The InterContinental Futures Exchange (ICE) US dollar
index is a measure of the value of the US dollar against important other major
global currencies. There is also a trade weighted US dollar index, which
incorporates many more currencies and which is based on the level of trade
between the counties concerned and the USA, but the ICE index is consulted to a
greater extent by Foreign Exchange traders.

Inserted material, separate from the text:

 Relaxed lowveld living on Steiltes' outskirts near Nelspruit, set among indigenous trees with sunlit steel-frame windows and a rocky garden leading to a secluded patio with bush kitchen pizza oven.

The dollar index comprises of the weighted averages of
the values of the Euro, Japanese Yen, Pound sterling, Canadian dollar, Swedish
Krona and Swiss franc. The weights of each that are used to calculate the
average are as in the table above.
These weightings have ever only been recalculated
once, on the occasion of the introduction of the Euro. Then several
currencies were incorporated into the Euro and at the same time disappeared as
individual units from the dollar index.
The dollar index can be and is traded, just like the
currencies that go to make it up. It is also amenable to Technical Analysis.
Its TA formations, support and resistance levels and other indicators are
watched just as carefully on the USDX chart as they might be on any other.
Is USDX on the move?
In the above daily chart of the US dollar index, it
can be seen that the instrument made an effort to get above its 200 Day
Exponential Moving Average (DMA). This move has been rejected, at least for
now, by the market. It can also be seen that it occurred at a level of
resistance. Even if it does break through this there is another resistance
level above it. In addition, the 200 DMA is sloping down, which is on average a
bearish indication.
There was considerable turbulence in the value of the
index during and after the recent ECB announcement on interest rates.
This is not surprising as the Euro is the largest component of the index.
All in all, from the Technical Analysis point of view,
the US dollar could be in for a fall from here. The fundamentals, in the form
of the well signalled determination of the Federal Reserve to keep interest
rates low for the foreseeable future, would facilitate this outcome.